The State contends that the Court of Appeals incorrectly decided that the trial judge erred in admitting defendant’s in-culpatory statement into evidence.

Pursuant to defendant’s motion to suppress this statement, the trial judge correctly conducted a voir dire hearing. After hearing testimony from Officer Barrow and defendant, the trial judge, inter alia, made the following findings of fact:

That again at approximately 3:10 a.m. Officer Barrow and Officer Perry returned to the Clay residence, having been to the Alamance County Hospital to determine the status of the victim, and upon returning to the Clay residence had in their possession a tape recorder; that during the period of time in which they were absent from the Clay residence the defendant was not in custody or detained in any manner and felt that she could have left the house at any time; that the officers thereafter asked the defendant questions and interrogated the defendant and that she voluntarily answered the questions; that such interrogation was conducted in connection with an on-the-scene investigation of a crime and not as a result of any custodial interrogation and that at the time of the second interrogation and answers given by the defendant, the defendant had not been placed under arrest and had not been told that she could not leave the residence and was in no manner detained even though officers had remained present there at the residence during the entire period of absence of Officers Perry and Barrow and that prior to asking Mrs. Clay any questions at the time of the second interrogation Mrs. Clay was reminded of the rights which she had previously been given at approximately 1:10 a.m.

Based on these findings of fact, Judge Martin concluded that the inculpatory statement was the result of an on-the-scene investigation and was given “voluntarily, freely, and understandingly without duress, coercion, or inducement.”

In deciding that the trial judge erred in allowing defendant’s statement into evidence, the Court of Appeals stated:

In our opinion, in the present case the evidence adduced on voir dire and the findings of fact made by the trial judge do not support the conclusion that the defendant’s in-culpatory statements “were the result of an on-the-scene investigation rather than a custodial interrogation.” In our opinion, the evidence in the present case demonstrates a “coercive environment” rendering the 3:10 a.m. statements of the defendant inadmissible in the absence of any evidence showing that she affirmatively waiver her right to counsel.

The Miranda warnings and waiver of counsel are required only when an individual is being subjected to custodial interrogation.
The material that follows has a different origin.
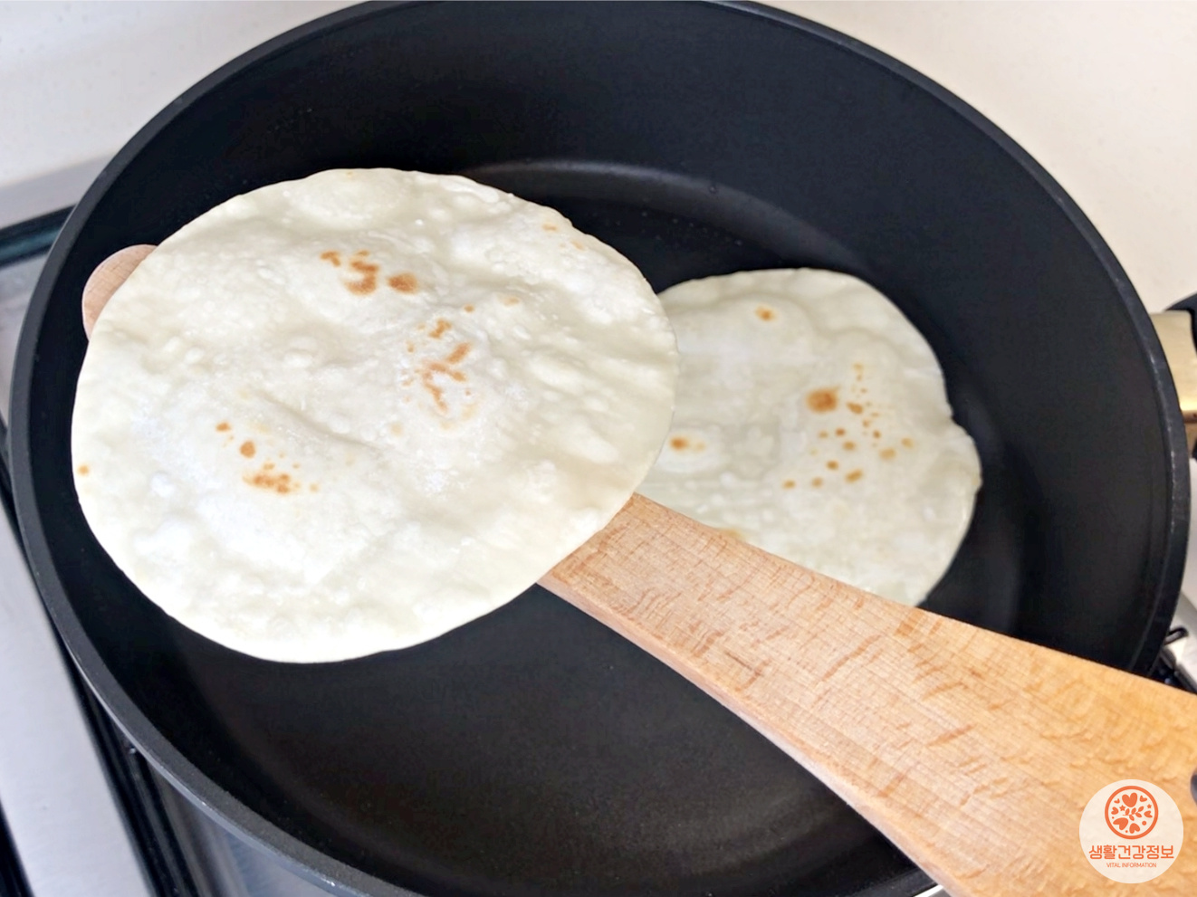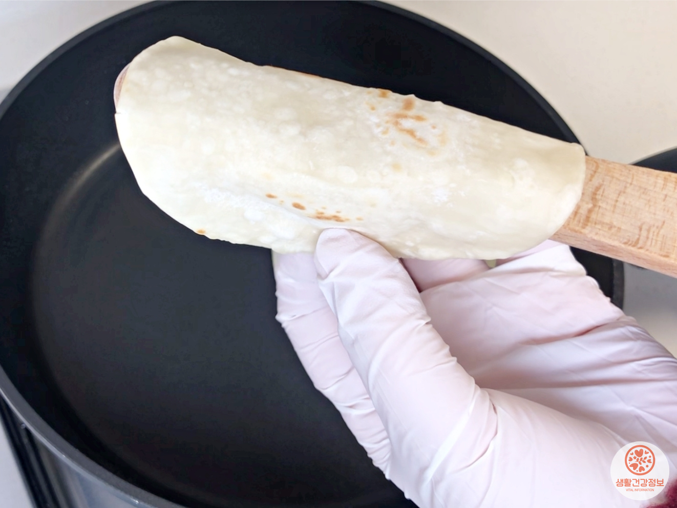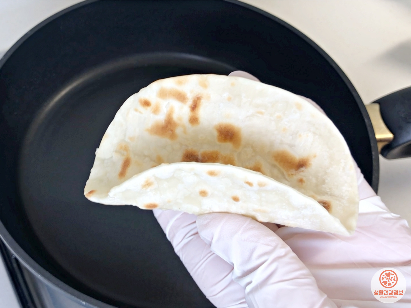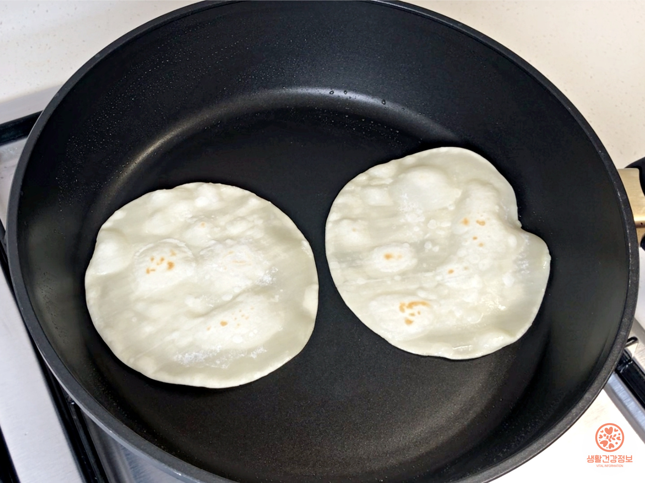 중불로 달군 후라이팬에서 만두피를 구워주세요.

State v. Sykes, 285 N.C. 202, 203 S.E. 2d 849 (1974); State v. Blackmon, 284 N.C. 1, 199 S.E. 2d 431 (1973). “Custodial interrogation” means questioning initiated by law enforcement officers after a person has been taken into custody or otherwise deprived of his freedom of action in any significant way. Miranda v. Arizona, 384 U.S. 436, 16 L.Ed. 2d 694, 86 S.Ct. 1602 (1966). Neither Miranda warnings nor waiver of counsel is required when police activity is limited to a general on-the-scene investigation. State v. Sykes, supra; State v. Meadows, 272 N.C. 327, 158 S.E. 2d 638 (1968). The ultimate test of the admissiblity of a confession is whether the statement was in fact voluntarily and understandingly made. State v. White, 291 N.C. 118, 229 S.E. 2d 152 (1976); State v. Pruitt, 286 N.C. 442, 212 S.E. 2d 92 (1975). It is well settled that the trial judge’s findings of fact after a voir dire hearing concerning the admissibility of a confession are conclusive and binding on the appellate courts when supported by competent evidence. State v. Jenkins, 292 N.C. 179, 232 S.E. 2d 648 (1977); State v. White, supra. Likewise, the finding of the trial court that the defendant was not in custody at the time he made the statement in question is conclusive if supported by record evidence elicited on a properly conducted voir dire. State v. Dollar, 292 N.C. 344, 233 S.E. 2d 521 (1977).
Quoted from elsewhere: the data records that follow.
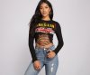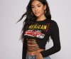 Edge up your everyday look with this trendy graphic crop top! It features long fitted sleeves, a cropped, form-fitting style, slashed front detailing, and a center car graphic with the script "The American Classic." Pair this tee with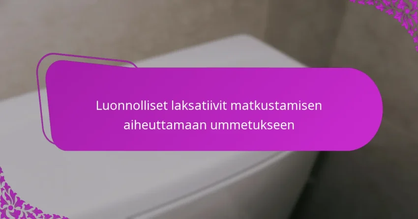 Matkustamisen aiheuttama ummetus on yleinen ongelma, joka johtuu ruokavalion muutoksista, nestehukasta ja stressistä matkustamisen aikana. Luonnolliset laksatiivit, kuten kuitupitoiset ruoat, yrttiteet ja probiootit, voivat tuoda helpotusta edistämällä säännöllisiä suolen liikkeitä. Ymmärtäminen siitä, miten näitä keinoja voi turvallisesti käyttää, voi parantaa ruoansulatustasi matkasi aikana. Mitkä ovat matkustamisen aiheuttaman ummetuksen syyt? Matkustamisen aiheuttama ummetus johtuu pääasiassa ruokavalion…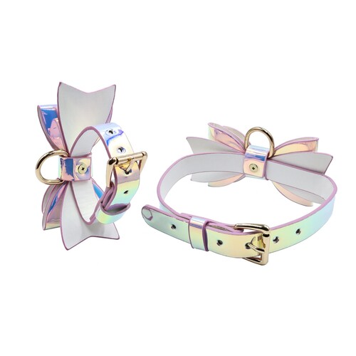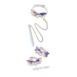 The Fairy Bondage Set is great for nights of kinky fun! Iridescent gear looks totally magical. Cuffs, collar, leash and connector included!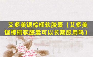艾多美锯棕榈软胶囊是一种含有锯棕榈提取物的保健品,通常被用于支持前列腺健康。锯棕榈是一种原产于北美洲的植物,其果实提取物被认为可以帮助缓解前列腺肥大症状,如尿频、尿急等。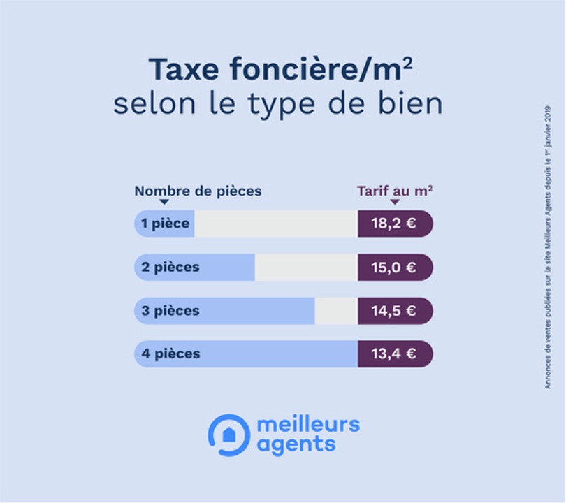 En moyenne, la taxe foncière est 36% plus importante pour un studio versus un T4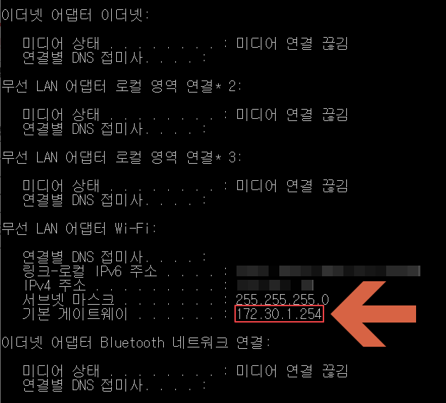 이 후 아래쪽에 기본 게이트웨이를 찾아서 오른쪽에 있는 ip 숫자들을 크롬 주소창에 그대로 입력해줍시다. KT의 경우에는 172.30.1.254입니다.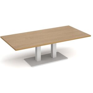 Eros rectangular coffee table with flat black rectangular base and twin uprights 1600mm x 800mm - oak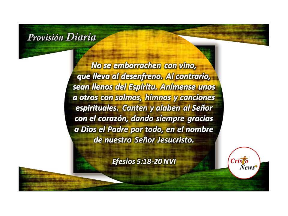 En la versión Reina Valera 1960 esta Palabra dice: 18 No se emborrachen con vino, que lleva al desenfreno. Al contrario, sean llenos del Espíritu. 19 Anímense unos a otros con salmos, himnos y canciones espirituales. Canten y alaben al Señor con el corazón, 20 dando siempre gracias a Dios el Padre por todo, en el nombre de nuestro Señor Jesucristo. (Efesios 5:18-20 RVR1960)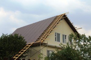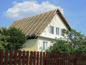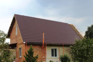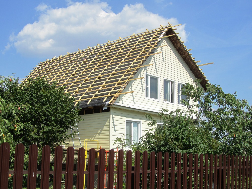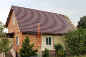 Здесь были выполнены работы по замене старой кровли из шифера на новую металлочерепицу с типом волны Монтеррей. Параллельно выполнили выравнивание кровли и подшивку свесов софитом VOX. Работы выполнены в 2015 г.

With these rules in mind, we turn to the record to ascertain whether the trial judge’s findings, in instant case, are supported by evidence elicited on voir dire.
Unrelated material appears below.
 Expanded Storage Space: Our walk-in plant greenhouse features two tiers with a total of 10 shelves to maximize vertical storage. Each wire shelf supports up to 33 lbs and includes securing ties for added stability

Officer Barrow testified that before he talked to defendant he did not have a suspect in mind. The first statement was taken at about 1:10 a.m., and defendant was not under arrest or in custody. She told the officers that Mr. Turner had shot Mr. Evans. Officers Barrow and Perry then went to the hospital and returned to defendant’s residence at approximately 3:00 a.m. Before the officers went to the hospital, defendant was not under arrest and was not told not to leave her residence. She was not handcuffed and was not placed under arrest when Barrow and Perry returned from the hospital. Defendant gave the officers a statement at 3:10 a.m. indicating that she had shot Mr. Evans. She was never threatened or coerced into giving a statement or promised anything.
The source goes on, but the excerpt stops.